Matt Yglesias writes on what he calls the hazy metaphysics of probability as it applies to election forecasting. For example, as of right now, Nate Silver’s forecasts have a 42.2% chance of the Democrats (plus independents) getting the majority in the Senate, while Sam Wang’s forecasts have that same number at 39%. As Yglesias points out, we’ll just never get enough data points to know which of these models is closer to the truth. (By the time we do, the political system will change underneath us.)
Yglesias’ vox has a roundup of various forecasts as well. (Silver is the fox logo; Wang is the orange-and-black Princeton shield.) One thing that jumps out, for me, is that the Washington Post tends to give much more extreme win probabilities – that is, closer to 0 or 100 percent – than the other models. I suspect that the models with more extreme win probabilities generally have the same point estimate – in all these models, the point estimate is basically the average of poll results, although of course you can quibble about what polls to average and how to weight them and so on. The secret sauce of any of these models is going to be how accurately the results today – nearly a month before the election – predict the results on Election Day. Silver claims Wang has historically gotten this wrong in his explanation of the models he uses, and critiqued Wang at Political Wire; here’s Wang’s response.

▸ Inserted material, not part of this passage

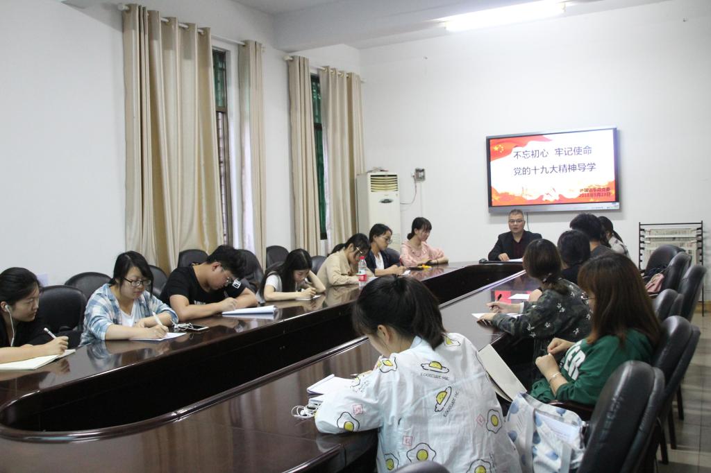 本网讯(陈琳 刘宁霞 郑惠文)为深入学习贯彻党的十九大精神, 5月23日晚,学院党委在院会议室举行了不忘初心、牢记使命、党的十九大精神视频导学。视频来源于湖南省干部教育培训网络学院课程资料,本次导学由学院党委副书记谈宗凡主持,参加本次导学的有全体学生党员和建党对象。

This is one of those places where the end of theory folks are just wrong. In some sense election forecasting is “big data” – at least, Silver, Wang, and the like are trying to predict a big data result (millions of votes), although the samples aren’t so large. We don’t get to run the elections over and over again – or, to go bigger, we get one shot at getting this climate change thing right. See for example Big Data: the end of theory in healthcare?, by Ben Wanamaker and Devin Bean. And there’s a reason that in my big data job I work with a bunch of people who were academic scientists in their former lives.